"I apprehend that she has done so," said Dinah.
"In that case, Dinah, you and I will go and seek for her. We will go alone, for she cannot have gone very far."
Mrs. Faithful and Dinah found Henrietta sound asleep on the wet grass in the wood nearest to Felicity. She was dragged to her feet, and the two women brought her back.
The remainder of that night she slept warm and snug in the arms of Dinah.
"Thou art a good sort, Dinah," was her last remark, as she dropped off into the land of dreams.
CHAPTER XXI. THE BRIGHT SIDE OF THE SCHOOL.
Mrs. Faithful had never before, in the whole course of her long years as a school-mistress, pronounced herself a failure, but on this occasion she did. She was an essentially honest woman. She told her girls the truth, and what was far more to the point, she told herself the truth. She took her character, so to speak, to pieces, and wondered, as she did on the present occasion, where she could possibly have gone wrong.

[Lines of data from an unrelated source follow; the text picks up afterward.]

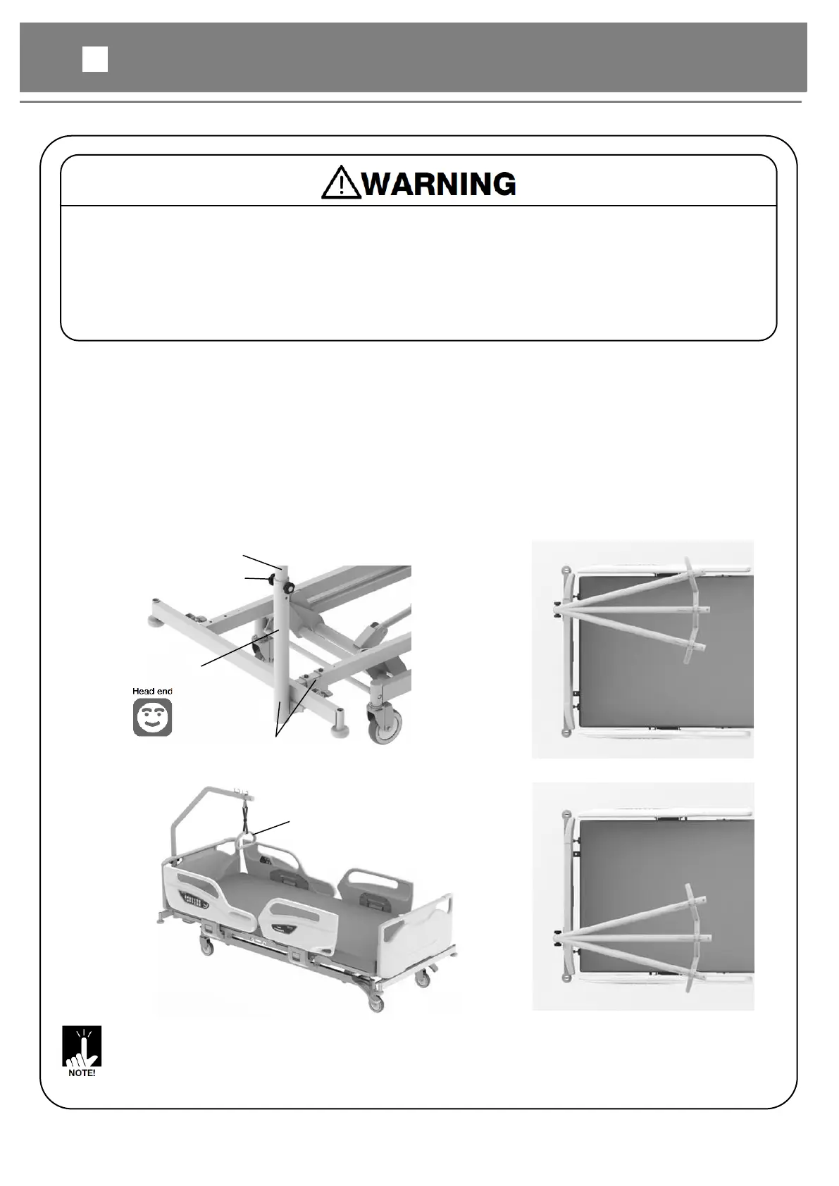Attach the parts of the lifting pole to the bed as shown in figure. The parts can be attached on
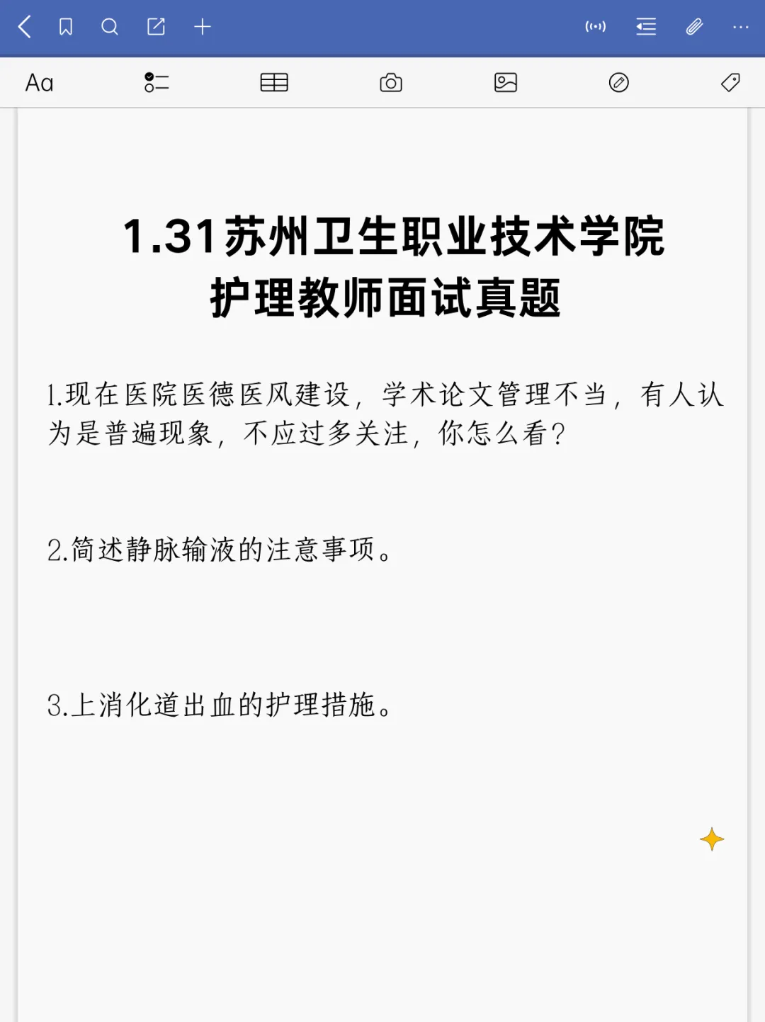 >【真题分享】苏州卫生职业技术学院护理教师面试真题2026年1月31日(考生回忆版)
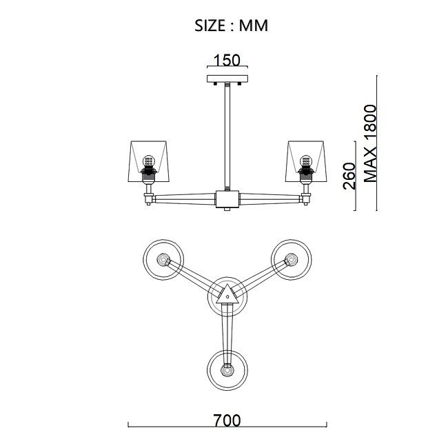 Тип крепления люстры: на штанге
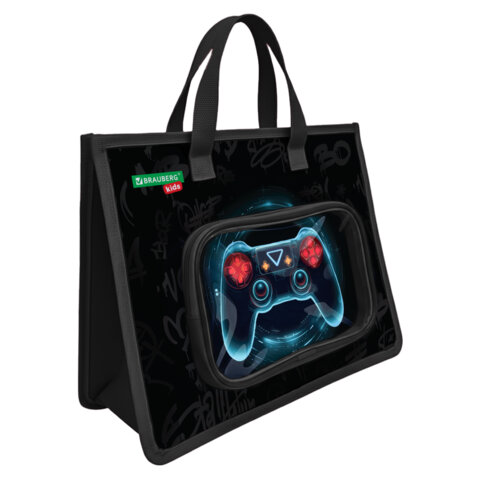 Папка для тетрадей BRAUBERG KIDS формата А4 "Bright gamepad" с ручками и внешним прозрачным карманом на молнии.

The two girls left in her charge were naughty girls—very naughty girls—but then she had had naughty girls before. Of course, these were undoubtedly worse, more defiant in their characters, than any of the various maidens who had visited Felicity and had gone through its stern and yet withal its beneficial training; for the school was, as a matter of fact, divided into two parts. There were the girls who needed sharp correction, who required individual and most anxious care, and there were the girls who, having successfully and victoriously passed this ordeal, had entered the happy and bright portion of the school.